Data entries
-- Opening Marker --

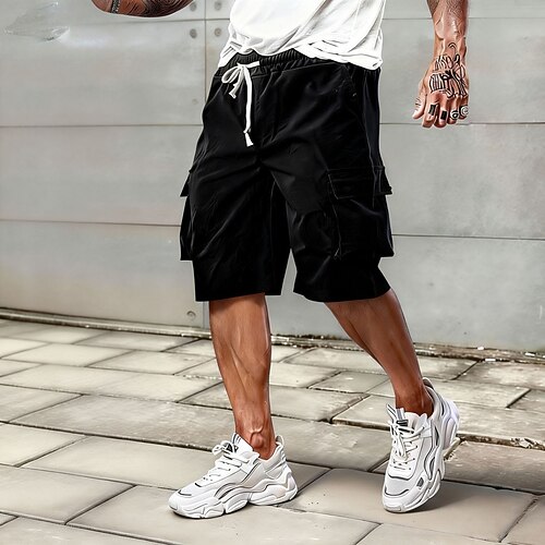 Per uomo Carico tattico Pantaloncini cargo Shorts Pantaloncini casual Tasca Elastico in vita Tinta unita Comodità Traspirante Lunghezza al ginocchio Casuale Quotidiano All'aperto Moda Streetwear Nero
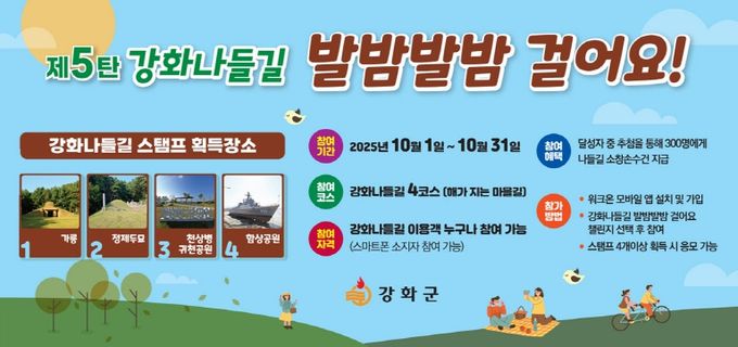 (포탈뉴스통신) 강화군은 10월 한 달간 강화나들길 활성화를 위해 ‘제5탄 강화나들길 발밤발밤 걸어요!’ 챌린지를 진행한다고 밝혔다.
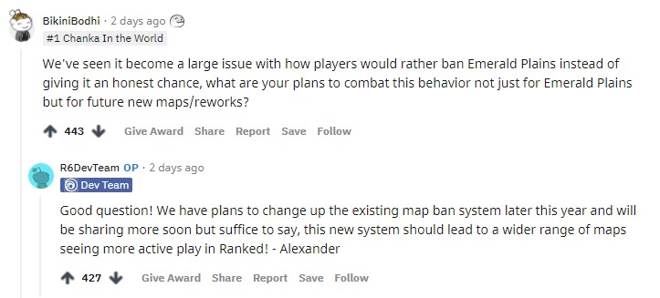 BikiniBodhi tett fel egy igazán érdekes kérdést a fejlesztőknek, mely a rengeteg egyetértő upvote miatt hamar a Ubisoft munkatársai elé is jutott. Kifejtette, hogy tapasztalata alapján a játékosok egyszerűen nem adnak esélyt az átdolgozott vagy épp teljesen új pályáknak, mint például a frissen megérkezett Emerald Plains, hanem azonnal bannolják őket. Arra volt kíváncsi, hogy a fejlesztők igyekeznek-e majd valamit változtatni ebben az ügyben vagy teljesen a felhasználókra bízzák a döntést továbbra is.
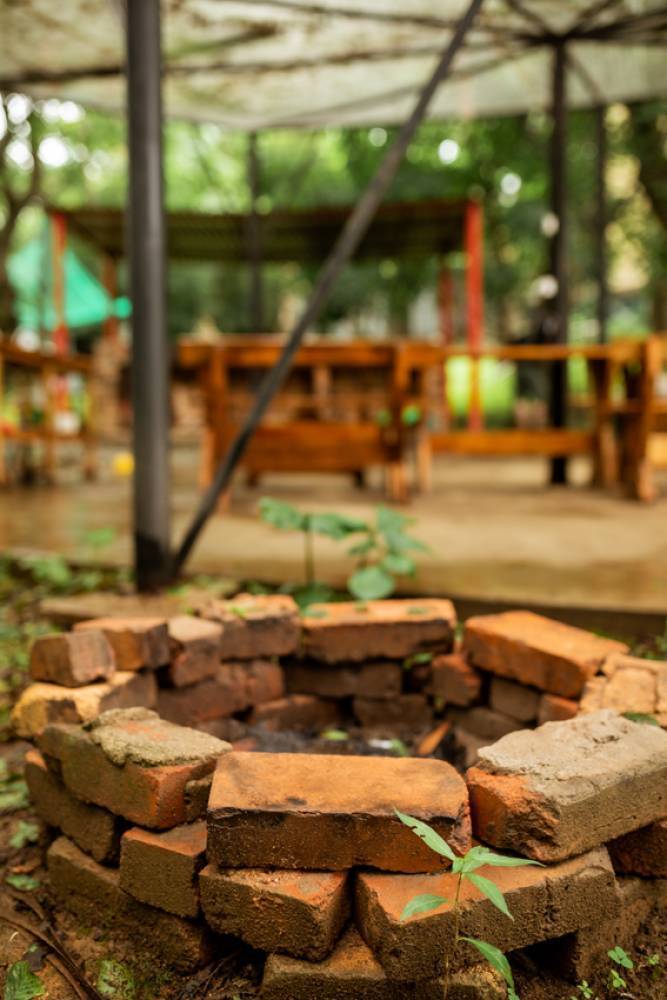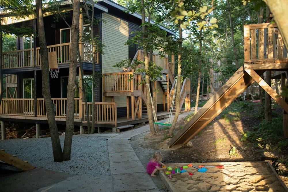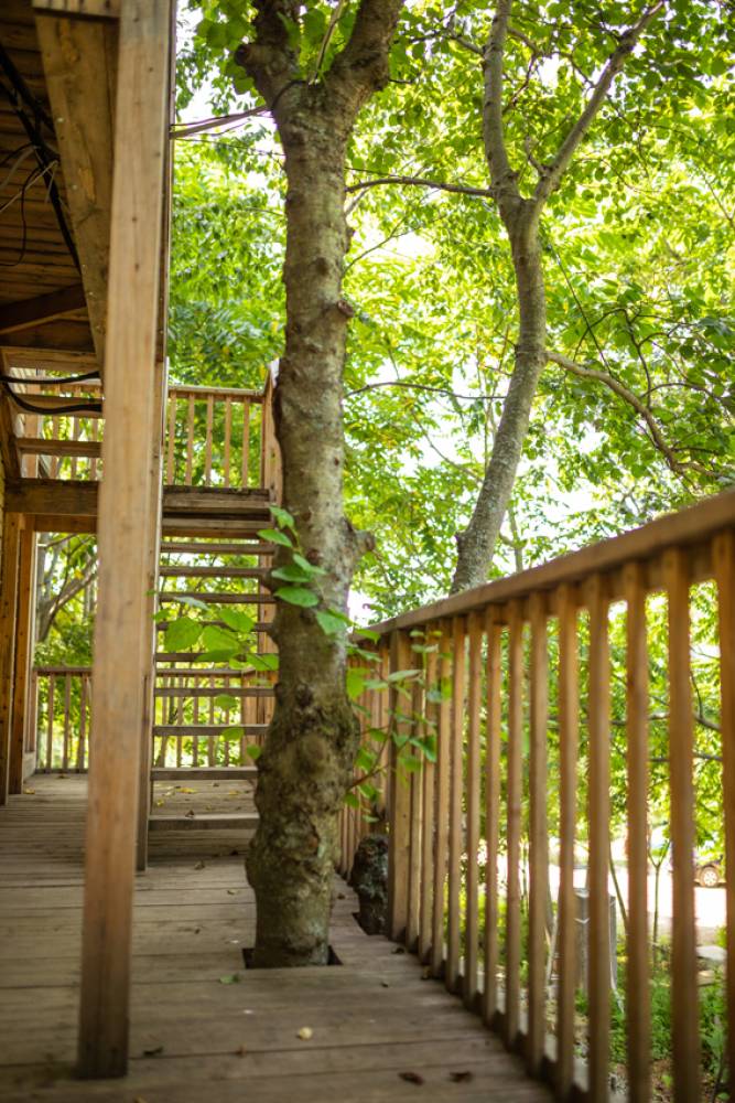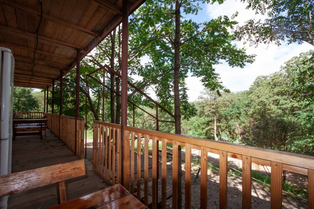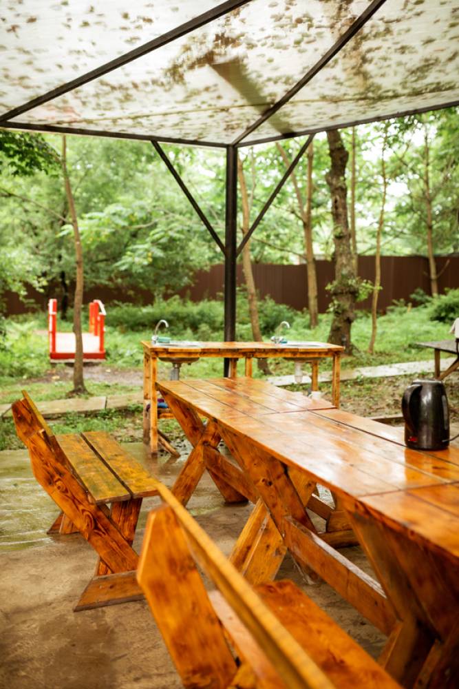 База отдыха "7 бухт" находится в лесной зоне. Деревья растут сквозь беседки.
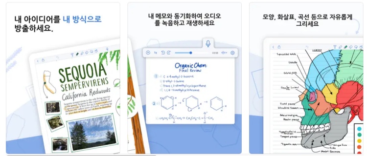 | 노타빌리티 | 식 변환 기능, 그래프 기능 좋음 (공대생, 경제학과 등 수식 많이 사용하는 학생 추천) 녹음 기능 지원 |
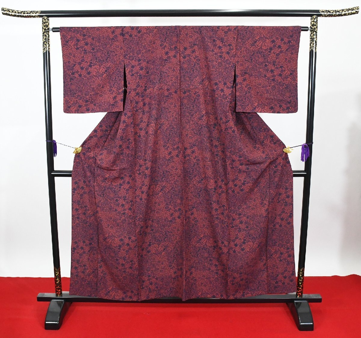 > 小紋 着物 単衣 楓 草花 化繊 身丈151cm 裄丈63cm ★ kb-6803 桜庭呉服店

-- Closing Marker --

▶ **THE TASK**:
Please transcribe each line above exactly, but leave the images out.

▶ **TASK RESULT**:
 Per uomo Carico tattico Pantaloncini cargo Shorts Pantaloncini casual Tasca Elastico in vita Tinta unita Comodità Traspirante Lunghezza al ginocchio Casuale Quotidiano All'aperto Moda Streetwear Nero
 (포탈뉴스통신) 강화군은 10월 한 달간 강화나들길 활성화를 위해 ‘제5탄 강화나들길 발밤발밤 걸어요!’ 챌린지를 진행한다고 밝혔다.
 BikiniBodhi tett fel egy igazán érdekes kérdést a fejlesztőknek, mely a rengeteg egyetértő upvote miatt hamar a Ubisoft munkatársai elé is jutott. Kifejtette, hogy tapasztalata alapján a játékosok egyszerűen nem adnak esélyt az átdolgozott vagy épp teljesen új pályáknak, mint például a frissen megérkezett Emerald Plains, hanem azonnal bannolják őket. Arra volt kíváncsi, hogy a fejlesztők igyekeznek-e majd valamit változtatni ebben az ügyben vagy teljesen a felhasználókra bízzák a döntést továbbra is.
 База отдыха "7 бухт" находится в лесной зоне. Деревья растут сквозь беседки.
 | 노타빌리티 | 식 변환 기능, 그래프 기능 좋음 (공대생, 경제학과 등 수식 많이 사용하는 학생 추천) 녹음 기능 지원 |
 > 小紋 着物 単衣 楓 草花 化繊 身丈151cm 裄丈63cm ★ kb-6803 桜庭呉服店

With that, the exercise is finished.